そのような高尚なものかは自分でもわからない。だが、婆やの言葉には何か強い説得力があった。
「しかし、そんな硬いお嬢様の信念も、今は揺らいでしまっている」
「え……」
「ガルマなる魔物との戦い、そして敗北。一度負けて引き下がっては、女が廃る」
「え、えぇ……」
「
「た、確かに負けっぱなしは悔しい。魔物がまだ国に、領内にいるのも見過ごせない。でも婆や、今の私がもう一度挑んだところで……敵いませんわ」
ぎゅっと拳を握る。
ダイレイジョーとガルマは同サイズ。格闘経験のない者が格闘家に挑んでも勝ち目がないように、その高すぎる壁を私は感じていた。
「故に、鍛えるのです」
そんな私に、ニカっと笑って婆やは言う。
「この婆や、これより一ヶ月でお嬢様を鍛えに鍛えましょう。そのガルマなる魔物を撃ち倒すための、最低限の身体作りと武の基礎、そして必殺技。それらを全て、一ヶ月で」
▽
──貴族令嬢、ルビー・アントワネットの朝は早い。
日が昇る一時間前。まだ肌寒い空の下、彼女はただひたすらに走る。
運動が苦手なわけではない彼女も、日が昇り切った頃には汗だくフラフラになっていた。
メイド達のサポートもあり、バレないように短時間の朝風呂。
汗を流し、冷えた体を温め、迅速に髪を乾かし朝食の席へ急ぐ。
まるで今起きたかのように、いつもと変わらず朝食を平らげると、次は勉学。
まだ成人を迎えていない彼女の本業は勉学である。
歴史、数学、魔法学など俗に言うお勉強から、貴族としての心の在り方など、複数人の家庭教師が代わる代わる教えにやってくる。
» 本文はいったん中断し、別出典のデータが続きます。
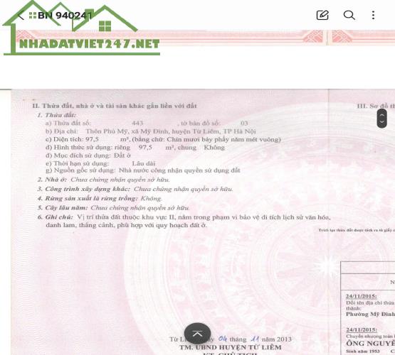 Chính chủ cần bán đất thổ cư mặt đường Phú Mỹ, phường Mỹ Đình 2, quận Nam Từ Liêm, đường lớn rộng 5m, ô tô tránh

彼女は勉学が嫌いではない。好きな教科や苦手な教科こそあれど、真面目に学ぶため家庭教師からの評判も良い。
しかし、恐ろしいのは眠気である。
朝イチから酷使した身体が、休ませてくれと眠りを誘う。
だが彼女は眠らない。
居眠りなど教師に失礼だと思うから、ルビー領を背負うものが勉学を疎かにはできないから。
机の下で
昼食を取ると、また訓練。
腕立て伏せ、腹筋、スクワット、懸垂。
いわば基礎の筋トレをひたすらにこなす。
特別な修行などないにしろ、終わる頃には全身が悲鳴を上げる。
生まれたての子鹿のように、腹筋痛と脚痛でまともに立つことすらままならない。
「婆や……、次は、次は何ですの……?」
膝に手を当て、無理やり二足で地面を踏み締める彼女は問う。
彼女の決意と闘志は硬い。
例えこれより三時間スパークリングがあれど、五時間滝に打たれようとも乗り越えてやる覚悟があった。